Call in yield maps, soil maps, and pest maps to form “Variable Prescription Maps. “
Combine with the weather platform to determine the variable strategy (e.g. delayed sowing in low-lying areas, multiple water applications in high-salt areas).
Recommended software platforms:
Variable management system + MINNUO intelligent agricultural data upload platform
Typical equipment linkage:
Variable fertilizer applicator, variable sowing equipment, strip spraying device
Application reminder: Precision agriculture does not necessarily cover the whole field, it is recommended to start from the topography of the obvious zoning plots. It is recommended to start with the obvious terrain zoning, and gradually expand.
Step 3: Deployment of automated operation
Goal: Realize precision farm machinery operation, reduce manual intervention, and guarantee standardized operation quality
Action content:
Use self-driving tractor with RTK positioning system to perform variable operation according to “prescription map”
Tractor automatically switches operation route/speed/intensity
Recommended equipment:
MINNUO Driverless module (supports ±2.5cm precision navigation)
Intelligent seeding controller + automatic variable spraying device
Data recording terminal uploaded to the management cloud platform
✅ Operational recommendations: first year can manually intervene in the trajectory to carry out the “assisted operation” mode, and in the second year to realize fully autonomous operation.
Step 4: Real-time monitoring and iterative optimization
Goal: Achieve “optimization while producing” and form a closed loop of seeding, management and harvesting data
Action content:
Simultaneously collect crop growth charts, spraying record charts, and sowing accuracy charts during the operation.
Automatically uploaded to the cloud-based agricultural platform, matching the behavioral trajectory of the operator and the quality of the operation scores.

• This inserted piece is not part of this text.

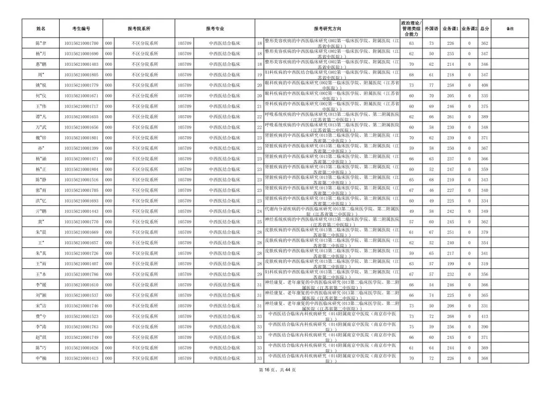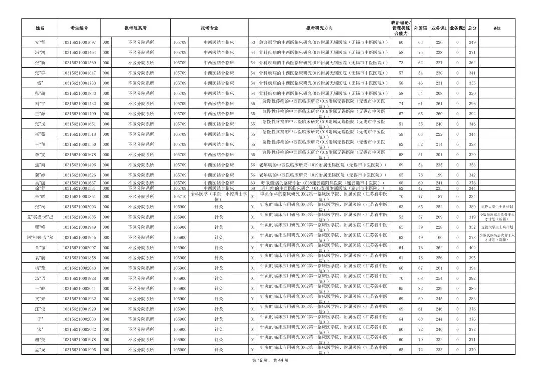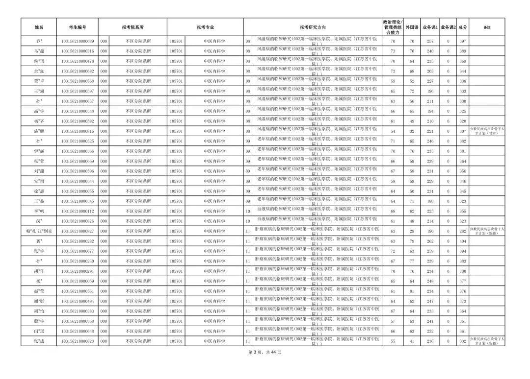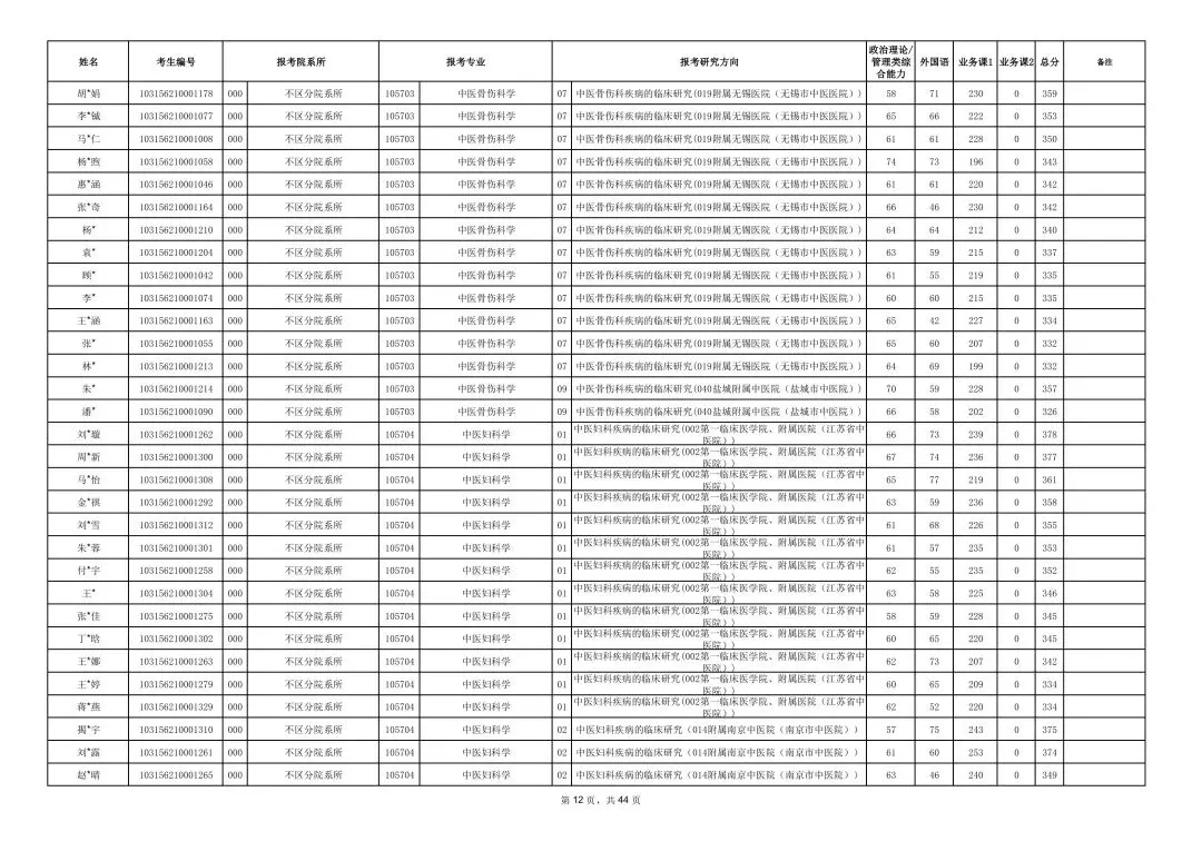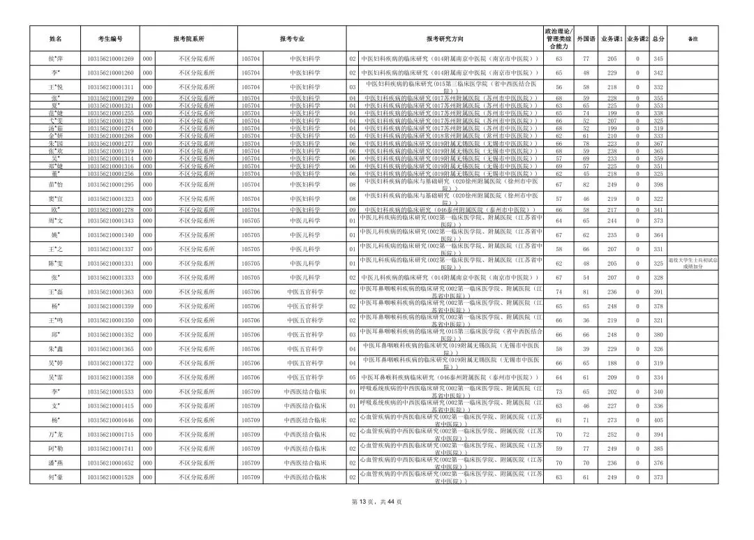 南京中医药大学2026年硕士研究生一志愿复试考生名单

Automatically generated “field performance report” at the end of the year. A “field performance report” is automatically generated at the end of the year to guide the adjustment of operation strategies in the coming year.
Recommended tools:
MINNUO Farming Machinery Management Cloud Platform
Digital Sensors + Intelligent Farming Equipment Terminal
Farmer’s cell phone Farming Machinery APP operation visualization interface
Practical tips:
Setting up a “field number” to track the operation of each plot for three years. The “field number” can be used to track the performance curve of each plot for three years.

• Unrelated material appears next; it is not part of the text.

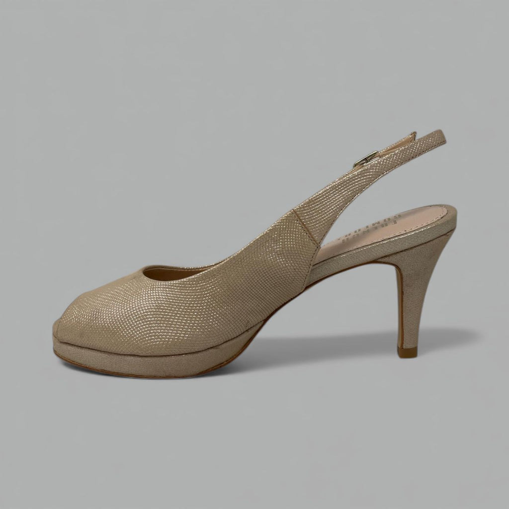 A slender, comfortable covered heel offers graceful height, balanced by a hidden front platform that reduces the pitch for enhanced wearability. The adjustable slingback strap ensures a secure and polished fit, completing this essential, versatile pump.
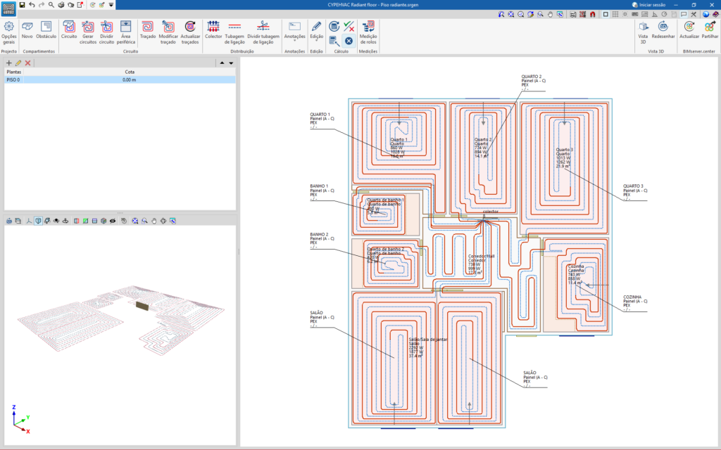 - Introdução e disposição dos circuitos de piso radiante nos compartimentos apresentados em cada planta na área de trabalho. Pode ser feito de duas formas:

It is recommended that farmers use crop fertility logs to form a full-cycle record that integrates hardware and software.
Comparison table between the four-step model and the function matrix of farm machinery and equipment.

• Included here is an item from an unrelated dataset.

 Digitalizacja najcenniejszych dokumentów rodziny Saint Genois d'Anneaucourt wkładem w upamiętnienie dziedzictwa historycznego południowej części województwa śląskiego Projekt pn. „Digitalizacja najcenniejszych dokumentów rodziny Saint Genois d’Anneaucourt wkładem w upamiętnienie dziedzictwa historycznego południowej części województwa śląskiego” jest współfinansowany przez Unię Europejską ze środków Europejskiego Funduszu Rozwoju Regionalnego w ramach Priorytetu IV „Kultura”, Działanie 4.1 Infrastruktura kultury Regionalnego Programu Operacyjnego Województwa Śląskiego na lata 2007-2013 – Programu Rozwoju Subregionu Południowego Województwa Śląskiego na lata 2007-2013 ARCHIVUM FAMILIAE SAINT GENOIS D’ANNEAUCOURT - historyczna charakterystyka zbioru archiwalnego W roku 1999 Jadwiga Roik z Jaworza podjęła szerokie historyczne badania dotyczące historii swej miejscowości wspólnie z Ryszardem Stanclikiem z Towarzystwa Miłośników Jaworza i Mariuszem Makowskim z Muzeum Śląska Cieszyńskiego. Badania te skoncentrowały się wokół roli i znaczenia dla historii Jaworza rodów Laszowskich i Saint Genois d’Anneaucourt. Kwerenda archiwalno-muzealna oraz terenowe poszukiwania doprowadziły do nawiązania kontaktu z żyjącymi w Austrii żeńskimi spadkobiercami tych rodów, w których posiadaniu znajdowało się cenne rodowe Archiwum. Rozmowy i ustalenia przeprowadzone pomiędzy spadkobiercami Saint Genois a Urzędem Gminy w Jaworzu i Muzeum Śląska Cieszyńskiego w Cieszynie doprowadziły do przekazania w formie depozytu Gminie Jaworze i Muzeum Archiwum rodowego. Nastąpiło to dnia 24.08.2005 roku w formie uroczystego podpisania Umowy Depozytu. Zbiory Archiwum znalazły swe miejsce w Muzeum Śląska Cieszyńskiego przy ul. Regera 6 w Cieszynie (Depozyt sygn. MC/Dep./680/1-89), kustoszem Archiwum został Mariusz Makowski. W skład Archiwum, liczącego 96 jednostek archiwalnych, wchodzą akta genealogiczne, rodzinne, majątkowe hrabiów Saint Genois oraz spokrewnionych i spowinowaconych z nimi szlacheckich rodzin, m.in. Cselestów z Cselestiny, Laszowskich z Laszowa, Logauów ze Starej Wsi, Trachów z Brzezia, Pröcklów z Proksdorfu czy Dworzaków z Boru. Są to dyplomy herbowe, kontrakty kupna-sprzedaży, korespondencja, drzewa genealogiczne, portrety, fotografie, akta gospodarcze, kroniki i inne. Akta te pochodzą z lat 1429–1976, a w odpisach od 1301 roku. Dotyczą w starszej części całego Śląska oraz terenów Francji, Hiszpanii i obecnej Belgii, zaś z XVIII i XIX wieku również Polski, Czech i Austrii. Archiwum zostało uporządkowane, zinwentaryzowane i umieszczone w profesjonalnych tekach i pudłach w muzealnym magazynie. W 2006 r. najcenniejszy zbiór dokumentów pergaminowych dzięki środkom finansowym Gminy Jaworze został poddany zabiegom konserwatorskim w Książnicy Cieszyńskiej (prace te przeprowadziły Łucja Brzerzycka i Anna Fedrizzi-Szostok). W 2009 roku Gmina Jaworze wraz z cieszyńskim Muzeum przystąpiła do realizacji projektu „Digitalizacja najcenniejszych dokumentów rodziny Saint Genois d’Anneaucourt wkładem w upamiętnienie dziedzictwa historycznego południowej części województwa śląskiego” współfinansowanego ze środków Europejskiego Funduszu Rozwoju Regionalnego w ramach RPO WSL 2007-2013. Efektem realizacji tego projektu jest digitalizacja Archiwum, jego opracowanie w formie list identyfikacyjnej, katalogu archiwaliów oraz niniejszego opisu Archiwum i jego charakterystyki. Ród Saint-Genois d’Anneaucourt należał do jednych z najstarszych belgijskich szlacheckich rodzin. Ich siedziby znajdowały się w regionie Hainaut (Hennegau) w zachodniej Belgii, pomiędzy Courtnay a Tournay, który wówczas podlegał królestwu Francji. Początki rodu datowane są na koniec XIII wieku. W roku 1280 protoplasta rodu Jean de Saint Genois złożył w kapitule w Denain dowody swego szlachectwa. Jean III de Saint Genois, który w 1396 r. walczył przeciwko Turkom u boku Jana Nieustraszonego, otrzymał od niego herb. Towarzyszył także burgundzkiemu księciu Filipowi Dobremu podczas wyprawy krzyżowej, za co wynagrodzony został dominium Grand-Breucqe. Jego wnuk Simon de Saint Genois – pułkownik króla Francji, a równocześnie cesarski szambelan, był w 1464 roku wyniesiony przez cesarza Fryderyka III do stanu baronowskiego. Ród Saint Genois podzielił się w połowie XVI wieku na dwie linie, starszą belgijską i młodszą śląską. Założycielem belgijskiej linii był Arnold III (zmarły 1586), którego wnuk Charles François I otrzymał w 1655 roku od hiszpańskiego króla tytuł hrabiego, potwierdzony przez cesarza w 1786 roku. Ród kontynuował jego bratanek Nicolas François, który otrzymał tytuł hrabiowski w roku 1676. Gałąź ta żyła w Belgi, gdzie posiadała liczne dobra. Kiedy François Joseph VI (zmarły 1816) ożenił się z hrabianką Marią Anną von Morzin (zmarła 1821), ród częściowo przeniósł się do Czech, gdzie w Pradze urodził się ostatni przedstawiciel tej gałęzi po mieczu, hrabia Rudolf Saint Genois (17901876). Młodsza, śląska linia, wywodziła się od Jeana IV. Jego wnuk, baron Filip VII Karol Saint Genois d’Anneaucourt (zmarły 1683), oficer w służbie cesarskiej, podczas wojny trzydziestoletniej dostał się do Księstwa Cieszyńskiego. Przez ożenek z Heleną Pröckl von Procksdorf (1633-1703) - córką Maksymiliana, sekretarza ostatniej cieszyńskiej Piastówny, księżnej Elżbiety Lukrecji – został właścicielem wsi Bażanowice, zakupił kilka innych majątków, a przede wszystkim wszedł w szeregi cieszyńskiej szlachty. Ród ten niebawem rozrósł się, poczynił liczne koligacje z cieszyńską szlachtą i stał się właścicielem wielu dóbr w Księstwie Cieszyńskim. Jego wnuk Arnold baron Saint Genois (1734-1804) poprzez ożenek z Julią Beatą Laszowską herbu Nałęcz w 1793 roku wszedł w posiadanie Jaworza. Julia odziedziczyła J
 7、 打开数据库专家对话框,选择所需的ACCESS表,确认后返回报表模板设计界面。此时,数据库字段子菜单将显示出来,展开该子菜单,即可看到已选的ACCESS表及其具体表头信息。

| Landing Stage | Technical Keywords | Representative equipment/platforms | Corresponding to agronomic objectives |
| Step 1 Build library and map | data acquisition, sensing | Soil sensors, remote sensing drones, NDVI stations | Plot archiving, problem identification |
| Step 2 Variable prescription | GIS, variable algorithms | GIS platforms, MINNUO Variable Configuration System | Differentiated management strategy development |
| Step 3 Job deployment | auto-navigation, variable execution | Autonomous tractors, Variable Spraying Units | Improving operational accuracy and consistency |
| Step 4 Closed-loop optimization | data return, map iteration | Agricultural cloud platforms, RTK management systems | Decision escalation, experience consolidation |
V. Implementation Suggestions and Cautions
The successful implementation of precision agriculture not only relies on technology, but also depends on the four-in-one synergistic mechanism of “reasonable investment rhythm + continuous training support + policy resource docking + equipment selection strategy”. The following is a list of specific recommendations:
1. Investment Recommendations: Prioritize high-frequency processes and deploy them in phases to achieve the most cost-effective results.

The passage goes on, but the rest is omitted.